A survey reveals 87% of Indian citizens believe their personal data is compromised, with telecom providers, e-commerce platforms, and banks blamed. Meanwhile, CyberPeace reports 80,000+ cyberattacks targeting India’s aviation sector, exposing critical vulnerabilities. In the U.S., Penn-Harris-Madison schools suffer a ransomware attack, disrupting operations.
AWS misconfigurations are exploited for phishing, bypassing security measures. The Toronto Zoo confirms a data breach, leaking visitor records on the dark web. Hackers abuse Microsoft Teams and Quick Assist to deploy malware.
Majority of Indian Citizens Believe Their Personal Data is Compromised
A survey by LocalCircles reveals that 87% of Indian citizens believe their personal data has been leaked in the public domain. The study, based on responses from 36,000 people across 375 districts, highlights growing concerns over data privacy.
Respondents blame telecom providers (65%), e-commerce platforms (63%), and banks (56%) for data breaches. Many also point fingers at government departments for failing to secure sensitive information.
Cyber Threats in Indian Aviation: 80,000+ Attacks Recorded
A report by CyberPeace highlights escalating cyber threats in India’s aviation industry.
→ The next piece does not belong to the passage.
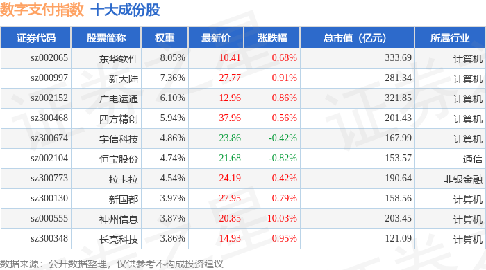 证券之星消息,11月3日,数字支付(980113)指数报收于1939.28点,涨0.9%,成交344.61亿元,换手率2.89%。当日该指数成份股中,上涨的有38家,神州信息以10.03%的涨幅领涨,下跌的有12家,艾融软件以2.04%的跌幅领跌。

Between June and August 2024, simulated attacks recorded 80,588 intrusion attempts, exposing vulnerabilities in Telnet (64,104 attacks), MySQL (15,629), and HTTP (512).
Attackers leveraged brute-force attempts using 296 unique usernames and 15,928 passwords to bypass authentication. The malicious traffic originated from China, India, the US, South Korea, and Taiwan.
Ransomware Attack Hits Penn-Harris-Madison School Network
The Penn-Harris-Madison school district is battling a ransomware attack that forced administrators to shut down network-connected computers.
While desktop systems remain offline as a precaution, students and staff can still use Chromebooks, laptops, and cloud-based applications. The IT team is working to restore services and assess potential data exposure.
Hackers Exploit AWS for Phishing Campaigns
Researchers at Palo Alto Networks Unit 42 have uncovered a phishing campaign exploiting misconfigured AWS environments. Tracked as TGR-UNK-0011 (JavaGhost), the threat actors leverage Amazon SES and WorkMail to send phishing emails.
Rather than exploiting AWS vulnerabilities, attackers take advantage of exposed AWS access keys, making phishing emails appear legitimate and bypass security filters.
Toronto Zoo Issues Final Notice on Cyberattack
The Toronto Zoo has confirmed that personal data from 2000 to April 2023 was leaked on the dark web following a cyberattack in early 2024.
The breach includes names, addresses, phone numbers, and partial credit card details. While downloading the leaked data remains difficult, there is a possibility of future exposure.
Hackers Exploit Microsoft Teams & Quick Assist for Stealth Attacks
Security researchers at Trend Micro have uncovered a cyberattack campaign targeting Microsoft Teams and Quick Assist for unauthorized access.
Since October 2024, 21 incidents have been recorded across North America and Europe. Attackers use social engineering to steal credentials, then exploit Quick Assist for privilege escalation.